Great work ! Would it be fairly trivial to integrate this with
Elixir ?

On Jun 22, 7:37 pm, "Mike Orr" <[EMAIL PROTECTED]> wrote:
> I've released the first alpha version of SAContext, a class that
> bundles your SQLAlchemy engines, metadatas, and SessionContext into
> one convenient object like pylons.database.sesson_context only much
> better.
>
>    http://sluggo.scrapping.cc/python/sacontext/
>    http://cheeseshop.python.org/pypi/SAContext/0.1.0
>
> The API has been hammered out between me and Michael Bayer,
> SQLAlchemy's author, to provide flexibility for single-engine and
> multi-engine applications while sticking to his usage recommendations
> (which session_context does NOT do).
>
> I've added tickets to get this incorporated into Pylons:
>    http://pylonshq.com/project/pylonshq/ticket/261
> and SQLAlchemy:
>    http://www.sqlalchemy.org/trac/ticket/617
> This will take some testing and integration work. however.
>
> The SAContext class can be used in any SQLAlchemy application, and
> requires an explicit URI and engine args.  The test suite passes so
> this can be used as-is.
> PylonsSAContext is a subclass that optionally parses the specs from
> the Pylons configuration, with full support for various engine args
> and multiple databases.  The parsing method passes the test suite but
> the whole thing has not been used in a Pylons application yet.  I'll
> be testing it over the next week.  I'm releasing it now in case
> anybody wants to test it or make API suggestions.
>
> Basic usage from the docstring:
>
>             # Connect to an engine.  The URI is mandatory but should be a
>             # keyword arg.
>             sac = SAContext(uri="sqlite://")    # A SQLite memory database.
>
>             # Or pass additional engine options.

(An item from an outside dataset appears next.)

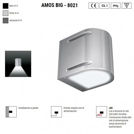 BOLUCE – Amos Big 8021, disponibile con diverse finiture colore, è una lampada da parete in pressofuso d'alluminio per esterno ad emissione monodirezionale, con possibilità di sorgente luminosa Led da 13w che può essere a scelta con temperatura colore 3000K o 4000K 1790lm, oppure con normale portalampada E27 adatto all'uso di lampadine alogene da 100w o Led compatibilmete con dimensioni e spazi interni alla lampada. Amos Big 8021 se istallata correttamente e secondo istruzioni di montaggio, ha un grado IP65 e vi permetterà di illuminare i vostri spazi esterni, la veranda, il porticato, giocando con effetti luce che non mancheranno di valorizzare il vostro outdoor.

>             sac = SAContext(uri="mysql://...", engine_options={"echo": True})
>
>             # The metadata for this engine has automatically been created.
>             users = Table("Users", sac.metadata, Column(...))
>
>             # Or reflect the columns from an existing database table.
>             users = Table("Users", sac.metadata, autoload=True)
>
>             # ORM operations are managed by a hidden SessionContext that
>             # automatically exposes a thread-specific session.
>             sac.session.flush()
>
>             # 'sac.query' is a shortcut for 'sac.session.query'.
>             # (Use .list() instead of .all() in SQLALchemy < 0.3.9.)
>             records = sac.query(User).filter_by(...).all()
>
>             # Mappers can use the SessionContext extension this way.
>             # Note: the extension is optional, not required.
>             mapper(User, users, extension=sac.ext)
>
>             # You can connect to multiple databases.
>             sac.add_engine(key="logs", uri="mysql://...")
>
>             # Each engine has its own bound metadata.
>             access_log = Table("Access", sac.get_metadata("logs"), ...)
>
>             # To access a non-default engine, do this.
>             sac.get_engine("logs").echo = True
>
> PylonsSAContext works the same but its constructor and .add_engine are
> a bit more flexible:
>
>             # Look up the URI in the config under 'sqlalchemy.default.dburi',
>             # with engine options such as "sqlalchemy.default.echo = true" and
>             # "sqlalchemy.default.pool_recycle = 3600".  These are 
> automatically
>             # converted to int/bool according to the SQLAlchemy manual.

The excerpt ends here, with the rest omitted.